When you here Piazzolla's music, you know instinctively that he is South American, that he is Argentinean. That it is why one finds such pleasure in listening to Piazzolla as performed by the Versus Ensemble on this new Naxos CD. The liner notes are rather brief when it comes to identifying the members of the Versus Ensemble. I believe, however, I am fairly safe in stating that it hails from Spain, which makes it a unique chamber music ensemble because it dedicates itself to the interpretation of Piazzolla's music, rather than some Spanish composer.

Featured works on this CD are the Maria de Buenos Aires Suite, Verano Porteno, and Milonga del Angel. Ten of the 11 tracks were recorded live at the Caja Rural Auditorium in Granada, Spain in 2006, while the 11th was recorded live at the Tango World Meeting in Valparaiso, Chile in 2007.

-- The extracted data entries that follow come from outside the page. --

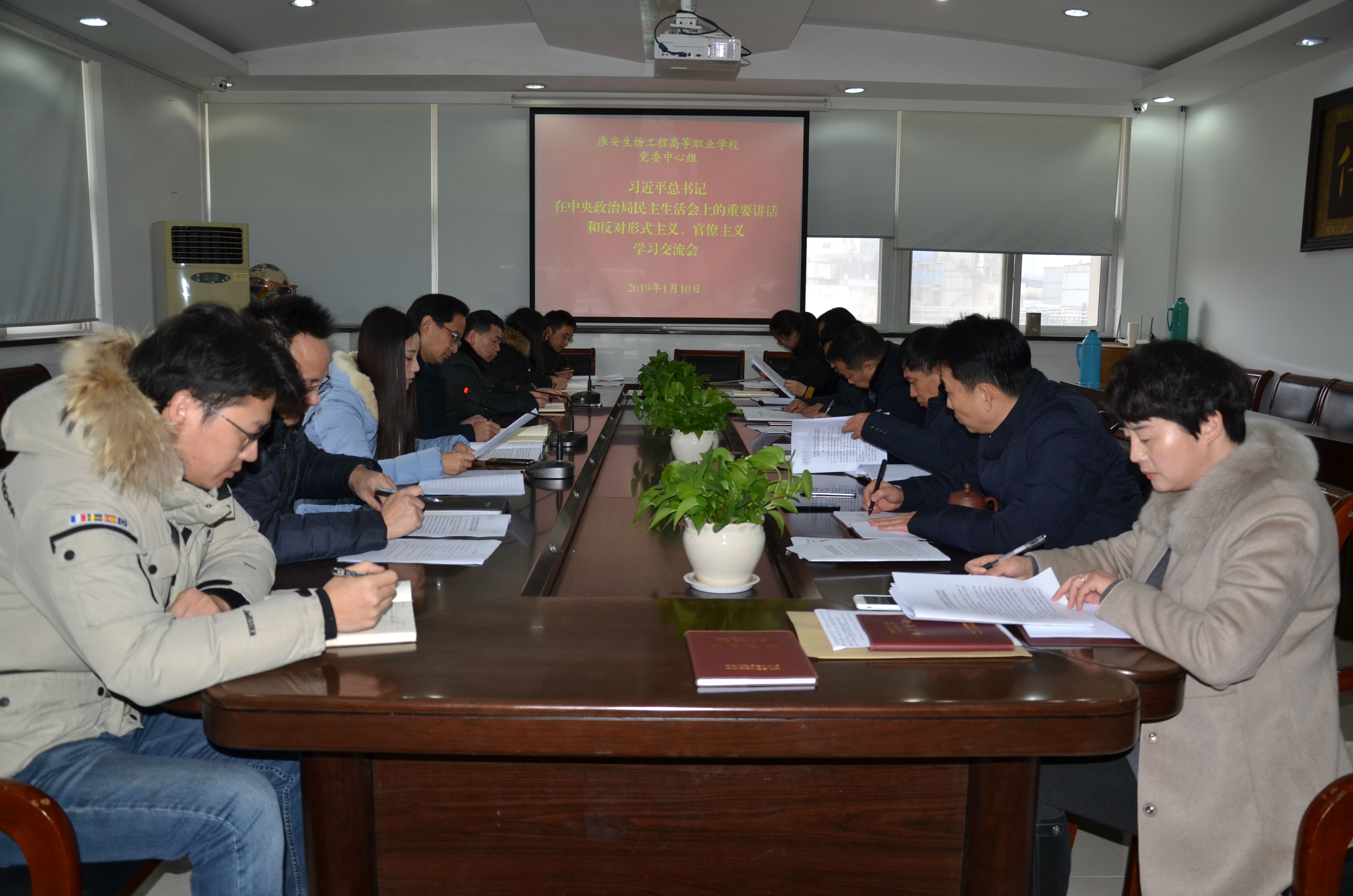 1月10日上午,淮安生物工程高等职业学校党委中心组(扩大)在行政楼三楼会议室召开《习近平总书记在中央政治局民主生活会上的重要讲话》和《姚晓东在全市集中整治形式主义官僚主义工作会议上的讲话》专题学习会。校领导班子全体成员、办公室党支部和教学党支部部分党员代表参加了学习会。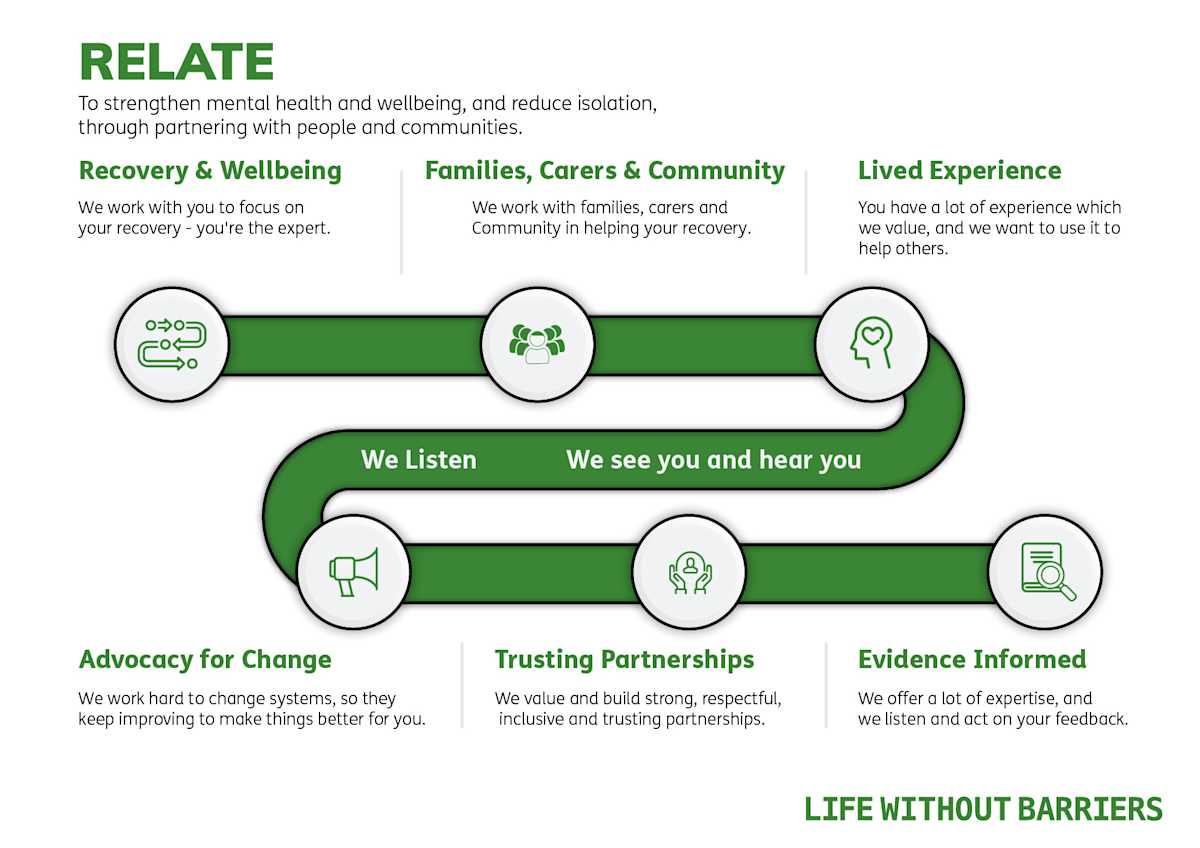 RELATE is the Life Without Barriers' Mental Health Framework, it guides how we approach the planning and delivery of Mental Health services nationally. It was co-designed by Life Without Barriers along with consumers, families and carers. It ensures that all our services are recovery-focused, culturally safe, inclusive, and grounded in lived experience.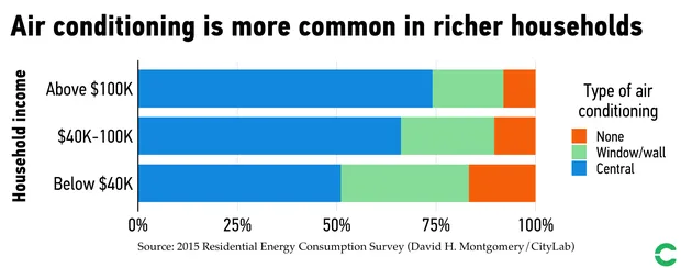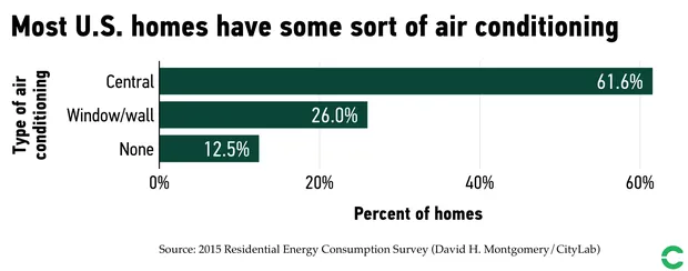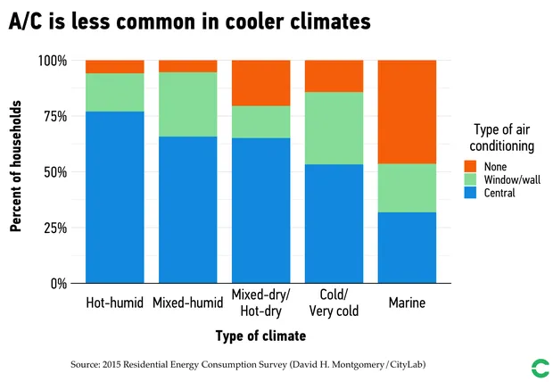 部分原因是,许多寒冷气候的居民根本没有空调。虽然整体上只有约12%的美国家庭没有空调,但在寒冷或干燥的气候中,这一比例上升到15%到20%,而在“海洋”气候中,这一比例接近50%,这种气候在西海岸的许多地方很常见。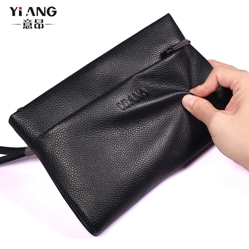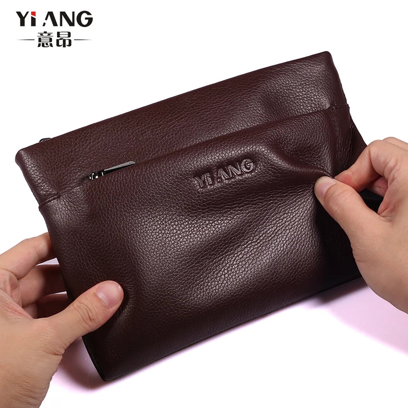 This men's clutch bag is made of real leather and features a long design. It is perfect for storing money and cards.

The music is both lively and contemplative. Piazzolla for a time worked with the poet Horacio Ferrer, who recites and sings his own words on five tracks of this CD. We also get to hear Spanish soprano Maria Rey-Joly and vocalist Enrique Moratalla. But, having said much about the bandoneón, don't expect to hear it on this CD. Instead, the instruments are violin, alto and soprano saxophones, piano, guitar, and double bass.

In 1967 Piazzolla invited Ferrer to write a show that would combine recitation with instrumentals and songs. The result was Maria de Buenos Aires, which premiered at the Planet Theater in Buenos Aires in May 1968. The work's subtitle was Tango Operita. At its core is Maria, who personifies Buenos Aires in all its grandeur and decay, its euphoric highs and bittersweet melancholic moods. Maria herself stands in for Buenos Aires at night. Listening to Ferrer, one almost feels one is being transposed into a smoky barroom scene of a different time and place. It is an amazing performance.